Believe it or not, all of those assets are already under the purview of a joint staff element. Meet the Defense Spectrum Organization DSO – Joint Spectrum Center JSC. Like Nate said, you can’t go shooting electrons Willy-Nilly. Someone has to provide guidance on how, when and where to do it. Things got so bad during the GWOT that comms were wiped out on some areas. It’s only going to get worse now that the Army has decided to emplace EW assets at Bn level.
You don’t fly sorties without coordinating, you don’t conduct fire missions without coordinating, and in the future, you’re going to have to coordinate nonkenetic fires.
When can we turn on a radar? How can we coordinate interflight frequencies? How do we “de-conflict” jamming assignments? Datalinks? Minimize EW fratricide? Don’t worry. Cyber Force will take care of all of that, right? Again, there are professionals that have been doing this at the tactical and operational level for a very long time. Urgent deployment of ground-based jammers to soldiers without the proper training to employ them without comms frat doesn’t mean everyone outside Meade is an amateur.
Like it or not, “purview” is not a command authority. Coordination happens in theater at the functional components based on guidance from the spectrum organizations. Joint Staff J6 or Joint Spectrum Center don’t have COCOM, OPCON, TACON, or service authority over those ships and aircraft or capabilities inherent. The final authority remains with the combatant commander with COCOM of the forces within the theater as laid out in UCP.

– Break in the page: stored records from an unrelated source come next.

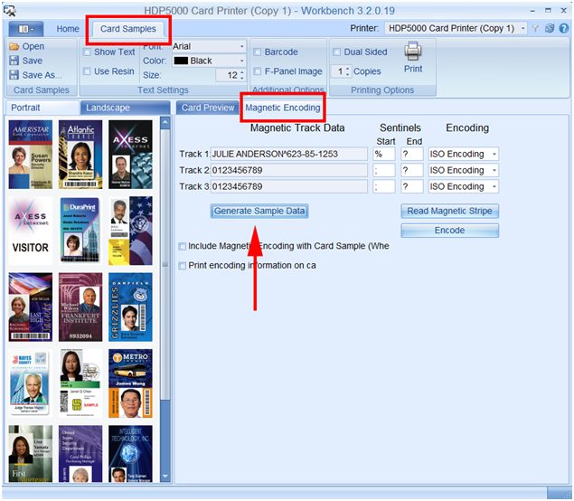 • Click on the Card Samples tab. Click on the Magnetic Encoding tab, and then click the Generate Sample Data button.
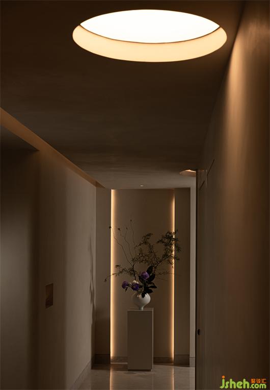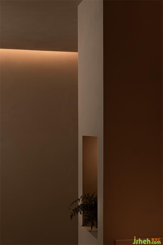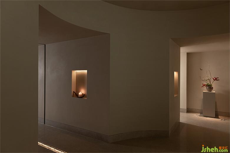 拱形天花板,米色石材平頂?shù)?,呈現(xiàn)出幾何本質(zhì)的美感之余,SPA設(shè)計(jì)整個(gè)空間顯得如此的空靈、靜謐??諝庵袕浡枞~香薰氣息,細(xì)細(xì)鳥鳴與流水聲無限回響。設(shè)計(jì)的用心之處,正是調(diào)動了視覺、嗅覺、聽覺、觸覺等感官,使人內(nèi)心平靜下來,深陷空間幽靜安寧之中。門徐徐關(guān)上的剎那,實(shí)現(xiàn)自身五感的覺醒。
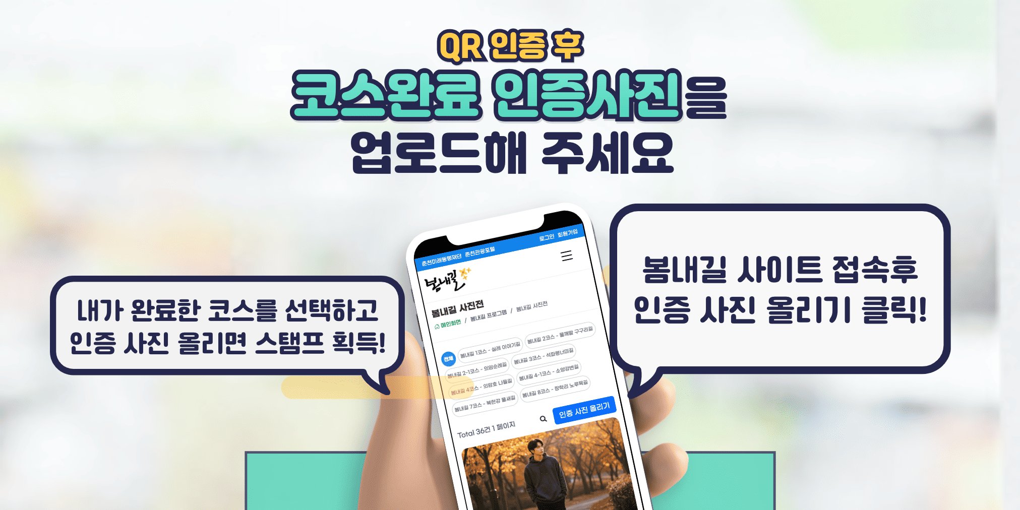 봄내길의 각 코스에 방문하여, 멋진 사진을 찍으세요!
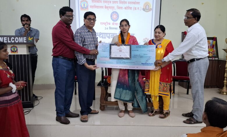 रासेयो कार्यक्रम अधिकारी डॉ. श्रीमती प्रीति गुप्ता ने स्वागत उद्बोधन देते हुए राष्ट्रीय सेवा योजना के स्थापना दिवस पर प्रकाश डाला एवं राष्ट्रपिता महात्मा गांधी तथा स्वामी विवेकानंद के व्यक्तित्व से प्रेरणा लेकर समाज सेवा करते हुए राष्ट्र निर्माण में अपनी भूमिका निर्वहन करने के लिए प्रेरित किया। तद्ुउपरांत राज्य स्तर पर श्रेष्ट स्वयं सेवक के रूप में मुख्यमंत्री के हाथों सम्मानित हुए कु. संगीता यादव का महाविद्यालय परिवार की ओर से स्वागत किया गया और बधाई एवं शुभकामनांए दी गई। इस अवसर पर स्वयं सेवकों ने सांस्कृतिक कार्यक्रम की प्रस्तुति दी जिसमें तुनप्रिया एवं ग्रुप के द्वारा छत्तीसगढ़ी समूह नृत्य, संजना एवं ग्रुप के द्वारा नागपुरी नृत्य, दिव्या एवं ईशा तथा धनेश्वर एवं नीरज द्वारा युगल नृत्य, साक्षी, लवकुश के द्वारा एकल नृत्य की प्रस्तुति दी। उद्बोधन के क्रम में डॉ. जे.आर.कवंर ने कहा कि राष्ट्रीय सेवा योजना समाज के अवधारणा एवं संगठन को समझने तथा समाज की समस्याओं से अवगत होकर अपने व्यक्तिव विकास करने का एक बेहतर प्लेटफॉर्म है। डॉ. बृजेश कुमार पाण्डेय ने भी स्वयंसेवको को सम्बोधित किया। महाविद्यालय के प्राचार्य डॉ. ए.सी.गुप्ता के द्वारा स्वामी विवेकानंद के विचारों को पढ़कर समझकर आत्मसात करने और राष्ट्रहित में कार्य करने की प्रेरणा दी तथा महाविद्यालय में आयोजित होने वाले विभिन्न गतिविधियां एवं प्रतियोगिताओं में भाग लेने के लिए प्रेरित किया। जिला संगठक ने रासेयो की स्थापना दिवस 24 सिंतबर 1969 से लेकर आज तक एन.एस.एस. के युवाओं द्वारा समाज और राष्ट्रहित के लिए किये गये सेवा कार्यो पर प्रकाश डाला तथा कहा कि रासेयो आपके व्यक्तित्व को शून्य से शिखर तक ले जाता है। आप इस योजना के माध्यम से अपनी प्रतिभा को निखारकर अपना एक पहचान स्थापित कर सकते हैं। अंत में कार्यक्रम अधिकारी श्री अनुरंजन कुजूर ने आभार प्रदर्शित किया। इस अवसर पर महाविद्यालय के प्राध्यापक डॉ.गौरव कुमार मिश्र, डॉ. विनय कुमार शुक्ला, डॉ. आशुतोष देऊस्कर, श्री भूपेन्द्र सिंह, शम्भू प्रसाद रैदास, डॉ. रामयश पाल भी उपस्थित रहे। कार्यक्रम का संचालन वरिष्ट स्वयं सेवक कृष्णा राजवाड़े एवं कु. तनुप्रिया यादव ने किया । कार्यक्रम के सफल आयोजन में स्वयंसेवक आकाश सिंह, तौफिक, अंकित जायसवाल, निखिल साहू, साक्षी, मुस्कान, धनेश्वर, नीरज, सुशील, लवकुश, श्रेयश, खुशबू, सुनैना, संजना की अहम भूमिका रही।
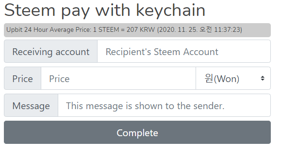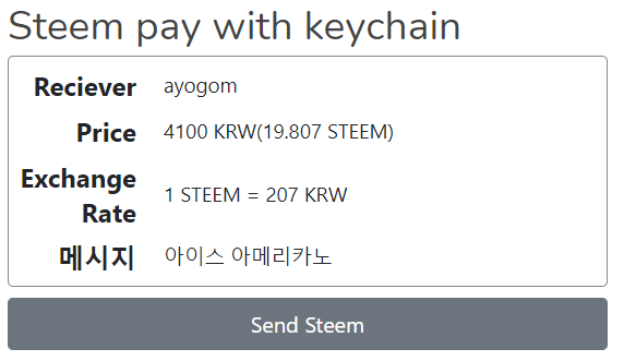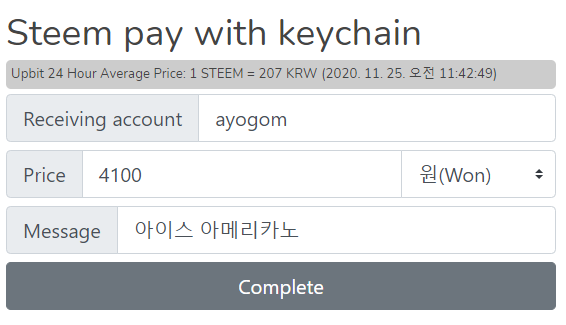 그러면 상단에 보이는 "Upbit 24 Hour Average Price: 1 STEEM = 207 KRW (2020. 11. 25. 오전 11:42:49)" 에 따라 4100원을 스팀으로 계산하게 됩니다. 24시간 내 평균 가격으로 계산되어 있으므로 급변한 시세 변동시에는 그에 따른 손실이 있을 수 있습니다.
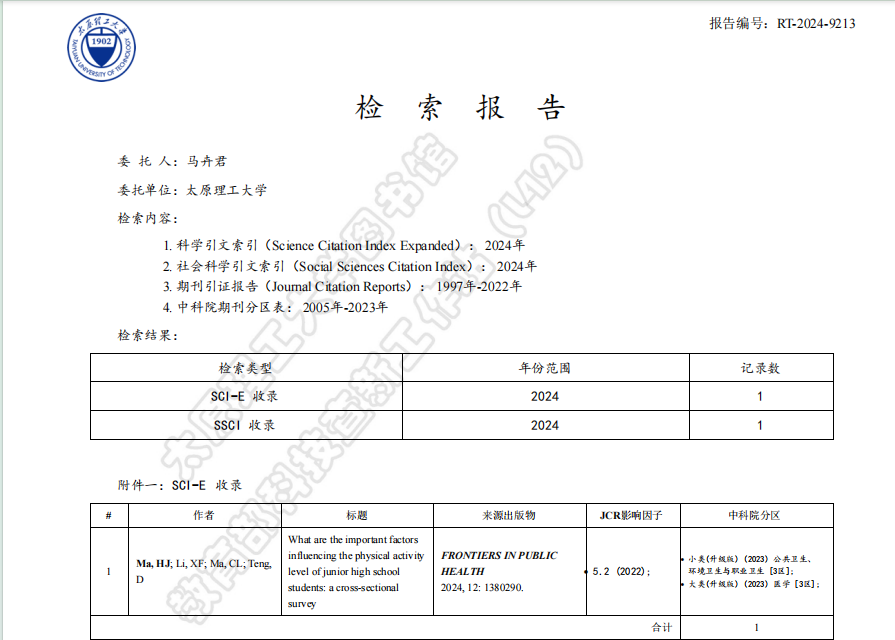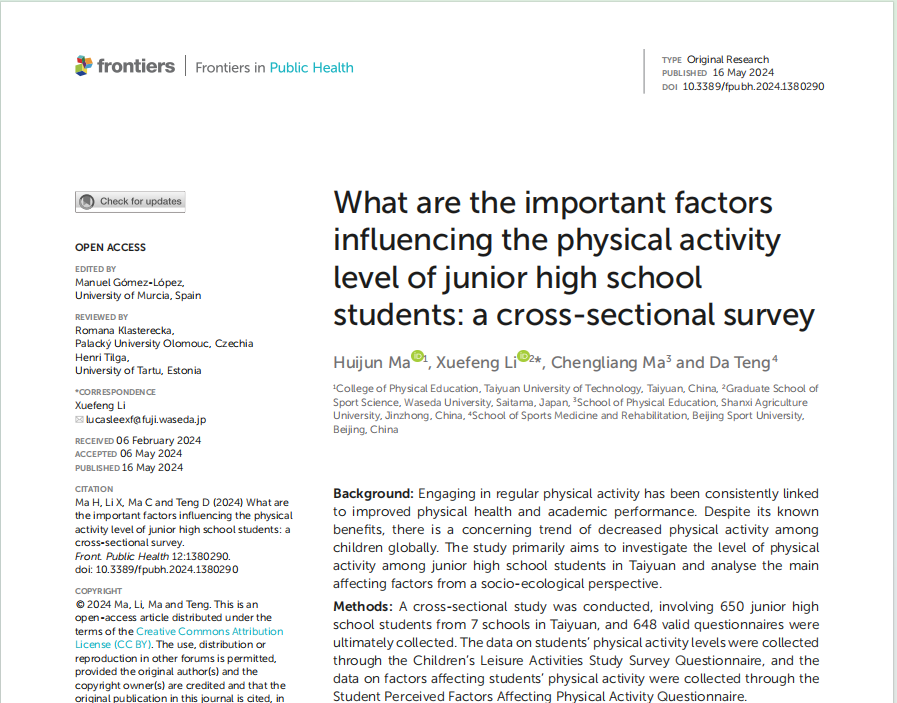 我院教师马卉君的研究成果《What are the important factors influencing the physical activity level of junior high school students: a cross-sectional survey》在《Frontiers in Public Health》发表。《Frontiers in Public Health》涵盖公共卫生方向的不同研究领域,旨在向全球研究人员、学者、临床医生、政策制定者和公众传播和交流科学知识和有影响力的发现的最前沿。该期刊同时被SCIE(Science Citation Index Expanded)和SSCI(Social Science Citation Index)双数据库收录,被评定为“JCR-Q2,中科院3区”期刊。该论文是马卉君博士(第一作者)、日本早稻田大学李雪峰博士(通讯作者)、山西农业大学马成亮教授、北京体育大学滕达的合作成果,bevitor伟德国际1946体育学院为第一署名单位。
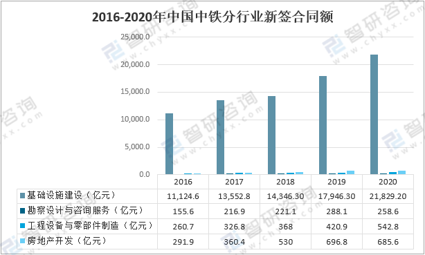 2016-2020年中國中鐵分行業新簽合同額

You’ve offered nothing to convince me that a historically isolated compartmented organization that has hidden behind the excuse of “Title 50” can be responsive to the needs of an individual task group, task unit, or strike package commander at scale on the other side of the world.
BTW, DIRNSA was a three star combat support agency position. The fourth star was granted when CYBERCOM became a sub-unified combatant command, but the first priority has always been the Title 50 mission at the expense of Title 10. CYBERCOM is neither equipped to, nor does it have the expertise to command global electronic warfare within a GCC, down to the individual strike group or strike package level. It still won’t be equipped if there is a Cyber Force.
This is about empire building, not combat effectiveness.
You apparently missed how Space Force was created. Go learn about that and then reengage.
DIRNSA effectively controlled all of that from 1952 to the 90s, when the Army (stupidly) divested itself of its jamming capabilities.
What is hard to understand, if you weren’t involved, was that during the Cold War, NSA did collection management and targeting deconfliction for ALL EW and SIGINT activities. Army soldiers didn’t fire up an MLQ-34 Tacjam or start spinning dials at a Field Station without a clear mission and permission. And the same went for every collection, EW, ESM, EA, ELINT or other system on a Navy ship or aircraft or an Air Force platform. And many of the platforms you named WERE SIGINT assets or occasionally had them on board, and they WERE most definitely under the technical control of DIRNSA.
The “empire” was already there, but with a lack of foresight, we stripped the ground-based services of the tactical capabilities on the misguided assumption that they would always be able to get national level support for everything. That didn’t work. It turns out that you need local, task-organized assets, whether you are a maneuver Brigade or an Arleigh Burke. But those assets still need technical direction and deconfliction.
Cyber is just another electromagnetic “INT.” We had a bunch of others that were at the forefront and went away because the technology changed…how may 05Hs does the Army produce anymore? We used to crank them out in the thousands from Devens. Now nobody does manual Morse. Mostly. Cyber is just a newer “INT” subset of SIGINT and it was an organizational failure that it wasn’t kept under the auspices of national technical control from the outset.
It needs to be brought under the technical control of an overall organization and synchronized with other collection efforts and electromagnetic fires, or its just random effects that may hurt more than help. That’s not empire building, its appropriate collection management.